Pictures stay out; everything else in the listing below is to be restated word for word.

Source data Start Marker

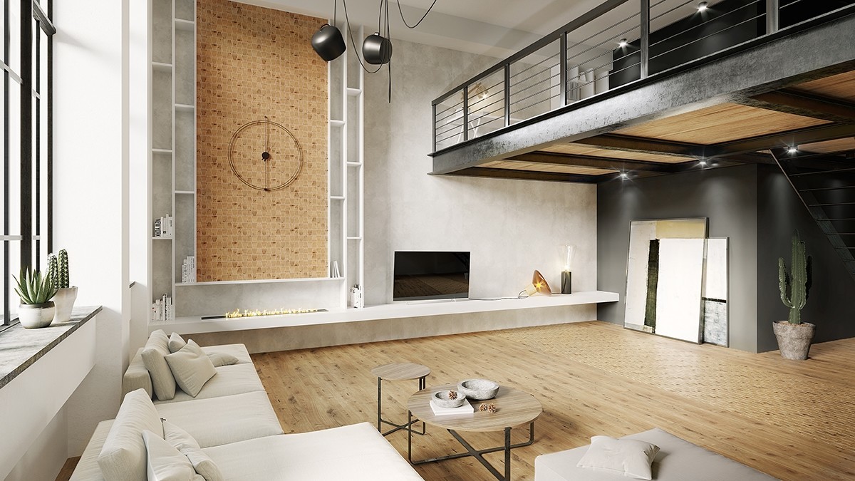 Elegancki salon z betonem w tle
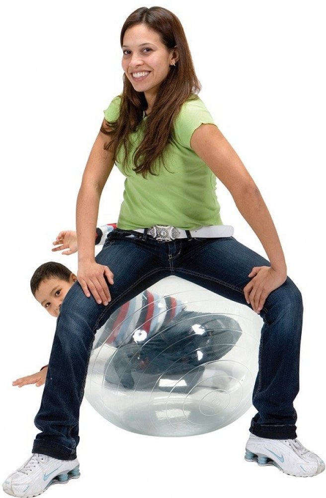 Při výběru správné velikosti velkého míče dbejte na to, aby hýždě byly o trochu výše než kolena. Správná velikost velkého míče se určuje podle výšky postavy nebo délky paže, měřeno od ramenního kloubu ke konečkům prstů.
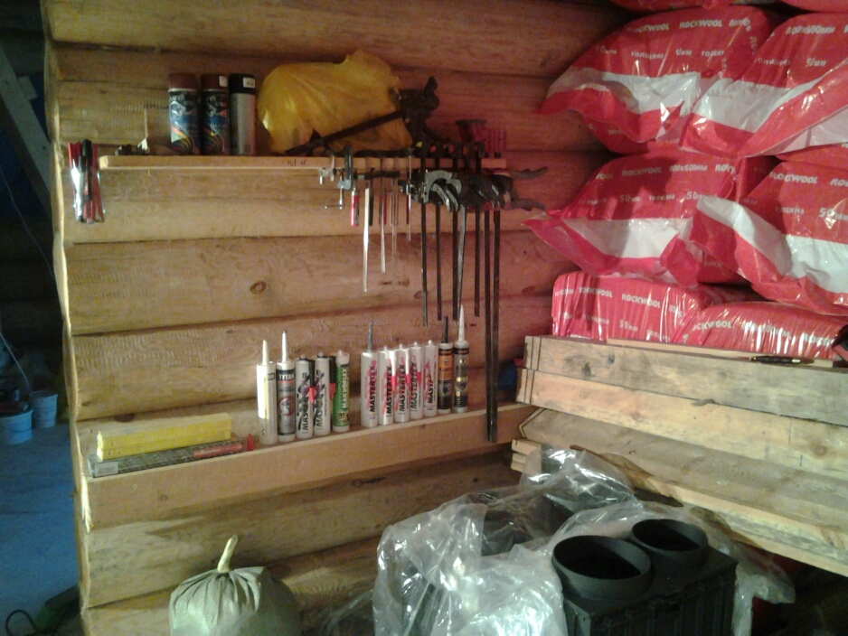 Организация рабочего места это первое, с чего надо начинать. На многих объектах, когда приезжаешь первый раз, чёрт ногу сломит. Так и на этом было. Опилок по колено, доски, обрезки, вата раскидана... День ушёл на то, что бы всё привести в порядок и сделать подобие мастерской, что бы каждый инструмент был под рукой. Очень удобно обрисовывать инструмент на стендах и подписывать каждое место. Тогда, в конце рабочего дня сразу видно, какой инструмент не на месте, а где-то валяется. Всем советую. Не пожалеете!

Source data End Marker

Solution to the problem ::
 Elegancki salon z betonem w tle
 Při výběru správné velikosti velkého míče dbejte na to, aby hýždě byly o trochu výše než kolena. Správná velikost velkého míče se určuje podle výšky postavy nebo délky paže, měřeno od ramenního kloubu ke konečkům prstů.
 Организация рабочего места это первое, с чего надо начинать. На многих объектах, когда приезжаешь первый раз, чёрт ногу сломит. Так и на этом было. Опилок по колено, доски, обрезки, вата раскидана... День ушёл на то, что бы всё привести в порядок и сделать подобие мастерской, что бы каждый инструмент был под рукой. Очень удобно обрисовывать инструмент на стендах и подписывать каждое место. Тогда, в конце рабочего дня сразу видно, какой инструмент не на месте, а где-то валяется. Всем советую. Не пожалеете!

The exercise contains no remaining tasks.